**Task instructions:**
Transcribe all the lines below exactly. Omit the pictures.

**Available data:**
== Segment start ==
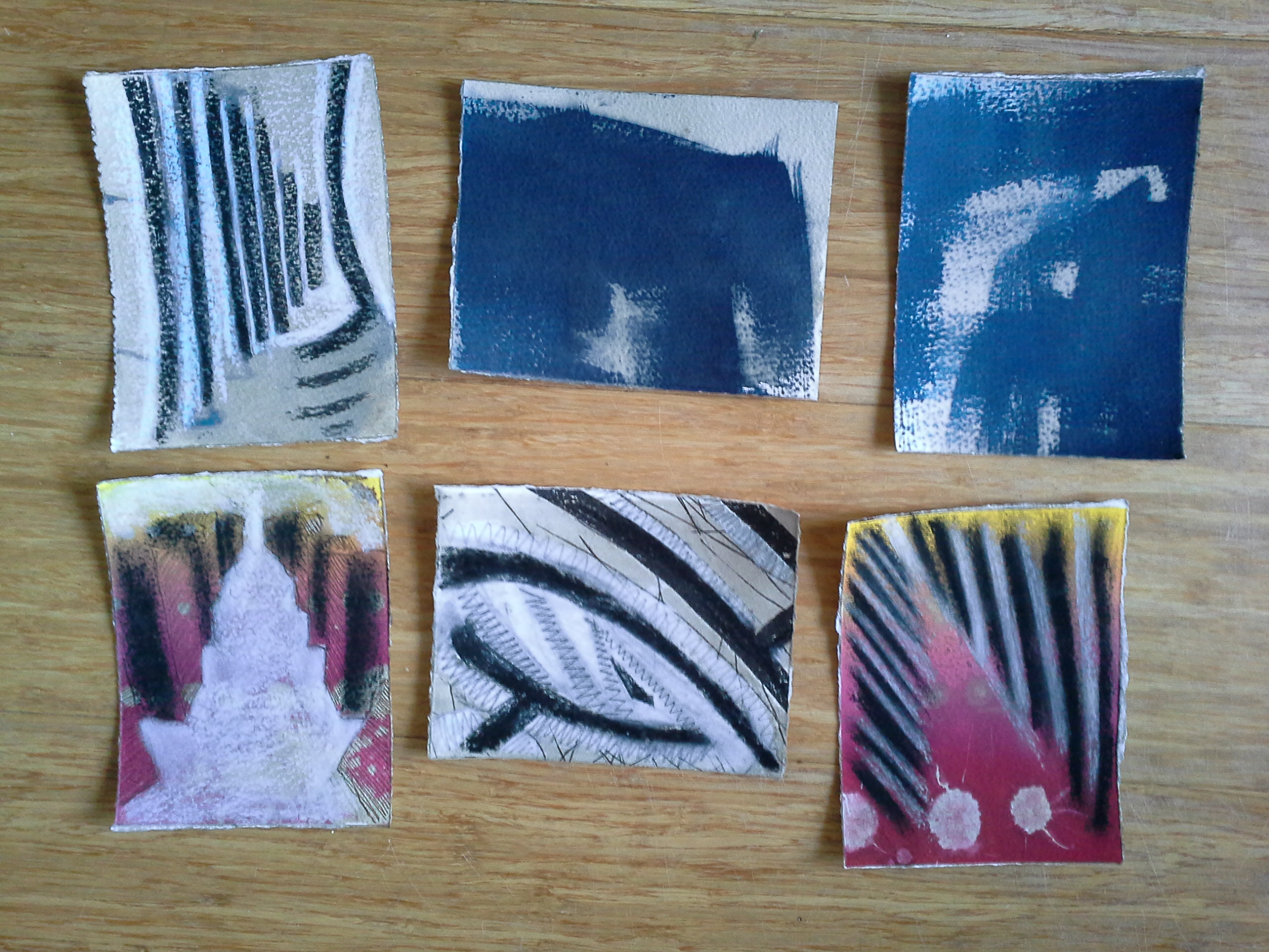 Trying something different today. Normally I work directly from life but I started drawing intuitively, using tiny fragments of lovely papers. Most of them had been prints that hadn’t worked out so I am recycling them. I don’t know where it will lead but that’s what doing art is about, constantly pushing and trying to do new things. I’ve made a start on these little papers and I will carry on working on them tomorrow. If they don’t work out, I can gesso over them and start again.
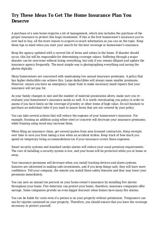 Try These Ideas To Get The Home Insurance Plan You Deserve
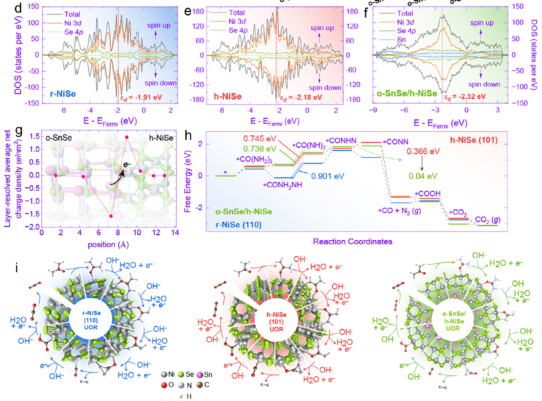 图1 理论计算揭示了h-NiSe与异质结相对于r-NiSe的UOR活性增强机制
== Segment end ==
**Reply:**
 Trying something different today. Normally I work directly from life but I started drawing intuitively, using tiny fragments of lovely papers. Most of them had been prints that hadn’t worked out so I am recycling them. I don’t know where it will lead but that’s what doing art is about, constantly pushing and trying to do new things. I’ve made a start on these little papers and I will carry on working on them tomorrow. If they don’t work out, I can gesso over them and start again.
 Try These Ideas To Get The Home Insurance Plan You Deserve
 图1 理论计算揭示了h-NiSe与异质结相对于r-NiSe的UOR活性增强机制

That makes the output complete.